Last week a veteran of many cloud migration security projects I know described many SOCs as“groping in the dark” with these challenges and looking for a new approach despite all of the vendor claims mapped to their pains. The usual crowd of incremental enhancements (e.g. bringing cloud data into the traditional SIEM, automating manual workflows, layering more tools for specialized analytics, leveraging wisdom of crowds, etc.) leaves three dragons roaming the countryside which need to be slain for security to keep pace with the unstoppable accelerating migration to the cloud.
Dragon #1 – Siloed Security and IT Ops Investigation Workflows
A basic dilemma in security for the cloud is that often the knowledge needed to pursue an investigation to conclusion is split between two groups. Security analysts understand the process of investigation and the broad context, but often only IT ops understands the essential specific context – application behavior and customer content, for example – needed to interpret and hypothesize at many steps in a security investigation. A frequent comment bucket item goes something like, “The SOC understands the infrastructure, but they don’t know how to interpret app logs or new data sources like container orchestration.” This gap in understanding makes real time collaboration essential to prevent exploding backlogs, partial investigations, and bias toward more solvable on-prem alerts.
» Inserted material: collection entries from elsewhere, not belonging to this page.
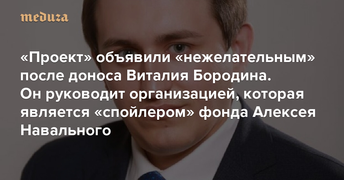 «Проект» объявили «нежелательным» после доноса Виталия Бородина. Он руководит организацией, которая является «спойлером» фонда Алексея Навального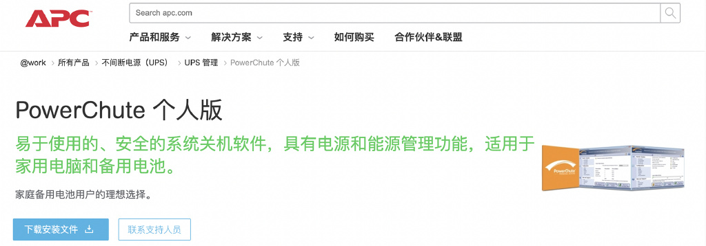 APC的UPS是有专用的个人管理软件,在官网上就能下载,名字叫PowerChute Person Edition(PCPE),可惜仅支持Windows版▽▼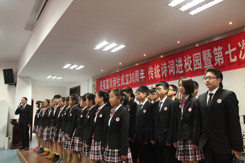 在完成了富川诗社换届选举议程之后,浓墨重彩的点睛之笔是由阳新一中实验班学生表演的传统诗词呤诵,同学们着装整齐,声情并茂,气势长虹,余音绕梁,振人心魂,会场顿时进入高潮,掌声雷动,经久不息,本次活动取得圆满成功。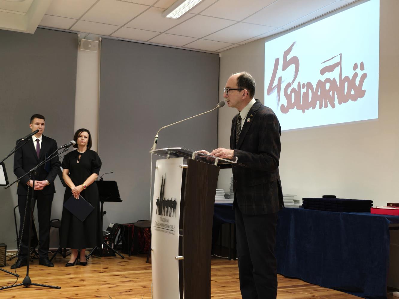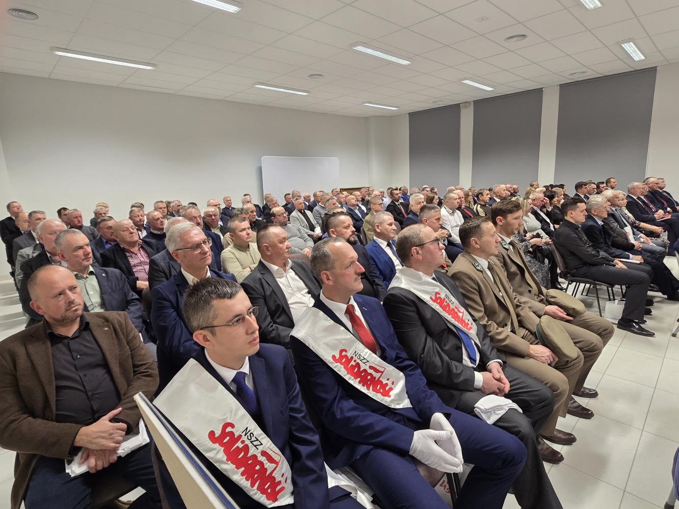 Aula I LO wypełniła się po brzegi. Uroczystość zgromadziła licznych działaczy, sympatyków oraz gości, którzy od lat współtworzą historię „Solidarności” w regionie. Podczas spotkania uhonorowano ponad 80 osób zasłużonych dla działalności Związku – zarówno tych, którzy od początku angażowali się w jego rozwój, jak i tych, którzy dziś kontynuują misję solidarności, odpowiedzialności i wspólnego działania.

Aside from needing to understand unfamiliar, new, and rapidly changing data sources in a single security investigation, cloud deployments generate more frequent “Dual Ticket” cases in which it is unknown whether a security issue or an IT issue is the root cause (ex: my customer is complaining they can’t access our app – network congestion? Cloud provider outage? Server CPU overload? DDoS attack? Malware? Customer issue?) It isn’t just that two separate investigations take more time and resources to complete and integrate, often, in cloud cases, neither side can reach conclusion without the other. Working from common data isn’t enough – analytics and workflow need to be common as well to enable the seamless collaboration required.
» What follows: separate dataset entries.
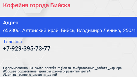 Кофейня города Бийска по адресу 659306, Алтайский край, Бийск, Владимира Ленина, 250/1 в дальнейшем Организация, размещена в следующих категориях:
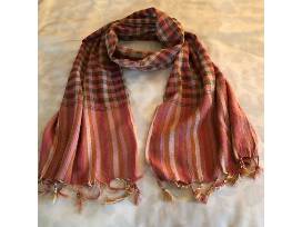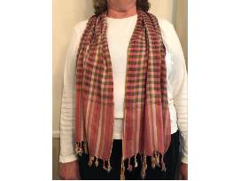 Handmade Cambodian cotton scarf in shades of pink and beige from Cambodia (12"x58") beautiful accessory for any outfit or as a Christmas gift.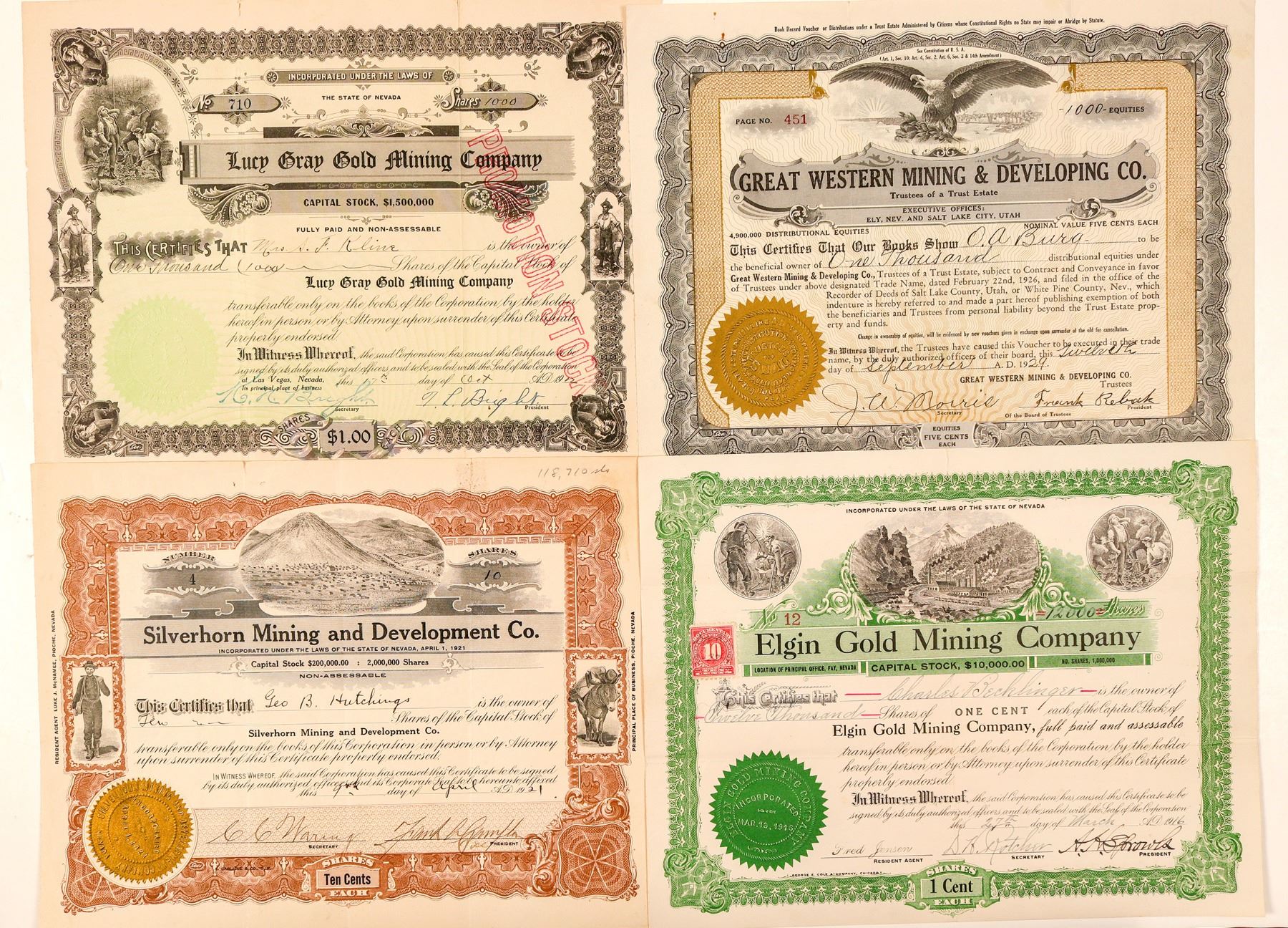 Lot of 4. 1) Lucy Gray Gold Mining Company. Lyons. Issued in 1912 for 1,000 shares. Multiple mining vignettes. Folds with separation. 2) Great Western Mining & Developing Company. Cave Valley District. Issued for 1,000 shares in 1929. Not cxl. Eagle vignette. Folds. 3) Silverhorn Mining and Development Co. Silverhorn. No. 4, issued in 1921. Not cancelled. Multiple mining vignettes. Staple holes, folds, tape repairs, toning. 4) Elgin Gold Mining Company. Fay. Issued in 1916 for 12,000 shares. Not cxl. Multiple mining vignettes. Folds. Ken Prag Collection

In addition, modern cloud deployments often employ DevSecOps models in which the pace of application update, rollout, and change is measured in days or hours as opposed to months or quarters. One security threat investigation implication is that the processing of the threat resolution backlog must align so that current resources can be applied to current environments without being mired in “old” cases or chasing continuous flux in the data. This is challenge enough, but having to manage this triage across two separate backlogs in both IT and security with the usual integration taxes means operating on the scale of hours and days is extremely challenging.
While separate siloes for IT ops and security investigations were feasible and logical in on-prem classic IT, modern cloud deployments and application architecture demand a seamless back and forth workflow where at each step the skills and perspective from both IT and security are needed to properly interpret the results of queries, evidence uncovered, or unfamiliar data. Asking both sides to completely subsume the knowledge of the other is unrealistic in the short term – a much better solution is to converge their workflows so they can collaborate in real time.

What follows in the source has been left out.